4. The Vita price tag
Crap, they finally got something right! I mean, its a largely irrelevant release as smart phones continue to decimate the handheld gaming market while Sony seem to have learned nothing from the technologically mighty but creatively moribund PSP, but come on! For the tech that’s crammed into the device straight out the box, that’s a really competitive price. Really, this should have made much more of a splash than it did. Games fans massively overreact to expensive hardware and under react when its cheap. We’re all a bit negative like that, so most press and fans made a mildly impressed “mmmMMMM” noise, then quickly forgot about this.
What’s impressive is that the Vita clearly outmatches the 3DS technically while competing in the same price range. Industry observers will point out that this didn’t help the PSP defeat the DS. While true last generation, the same may not be true this time around. The 3DS is receiving ports of N64 games while the Vita is getting PS3-quality releases. That’s 3 hardware generations worth of difference.
Don’t get me wrong, handhelds aren’t ever going to be big like the DS was, not for a long time. Considering that the PSP was successful despite being very poorly treated by Sony, the surprisingly cheap Vita may just carve itself a niche as a viable handheld platform.
3. Deus Ex: Human Revolution looks awful
The chat before E3 was that the developers had played the original Deus Ex repeatedly to try and capture the magic of the original. After their E3 demo, it seemed more like they had made a sequel to the much derided second Deus Ex game instead. Technically rough, disappointingly unambitious and playing little like the original, the game ranks as possibly the biggest disappointment of E3. There’s still time for Square to fix this, but it would now be a bigger shock if Human Revolution was actually any good.
2. Prey 2 looks awesome
And from one underwhelming title that’s disappointed everyone to a game that no one expected much from. With an alien-chasing bounty hunter in an utterly bizarre sci-fi setting, Prey 2 couldn’t be much more different to the original. While some story elements cross over (you play as one of the survivors of the crashed jet from the original), it looks and feels like a completely new game. That the same developer could create a game so different is great, but what’s truly impressive is how much better this sequel seems compared to its progenitor. With some amazing verticality to its levels, strong visuals and great gadgets like grappling hooks and jet boots, Prey 2 is just what you want from E3: a game that comes from nowhere and surprises everyone.

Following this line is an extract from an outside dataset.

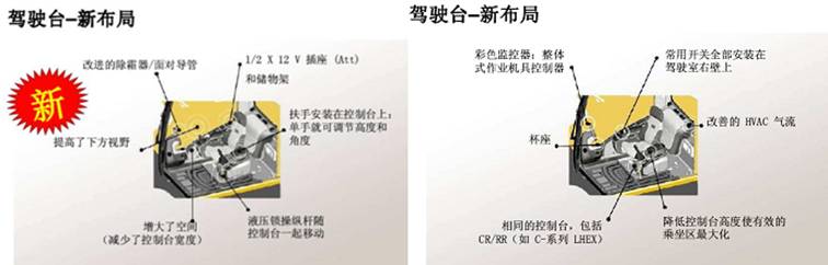 Ø 工作台宽敞、安静而舒适,从而可以确保操作员在一个长时间的工作日内保持高生产率。空调和附件开关很方便地位于右侧壁上,而钥匙开关和油门表位于右侧控制台上。监控器易于观察,尽可能加大了可视范围。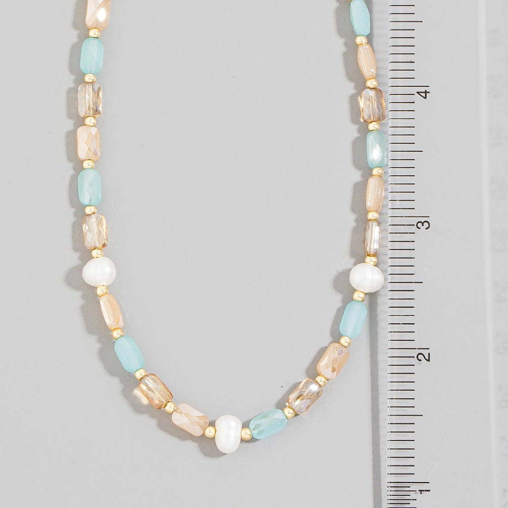 - This chain necklace is made with 60% Glass 10% Pearl 20% Plastic 10% Metal.

1. Ubisoft’s Mr Caffeine shows E3 can still be terrible
So in my list of E3 Fails I got a lot of heat for leaving this guy out. He’s surprising not just because he’s painfully, horribly bad, but because publishers don’t seem to learn. You would think Ubisoft would hire a proper comedian or presenter, but instead we get something so bad it makes a Konami press conference look good. Publishers make the same mistake year-on-year: they misjudge the audience and say or do something that becomes an internet meme before the event is even over. In the run up to this E3 I thought the amount of money behind major software releases mean that every conference would be professional, slick and convincing. Surprisingly enough, E3 this year managed to be as chaotic, embarrassing and hilarious as ever.
Oh well, at least they spawned a new phrase for when something’s painfully, horribly bad. “This years E3 was really Cal-ancey!”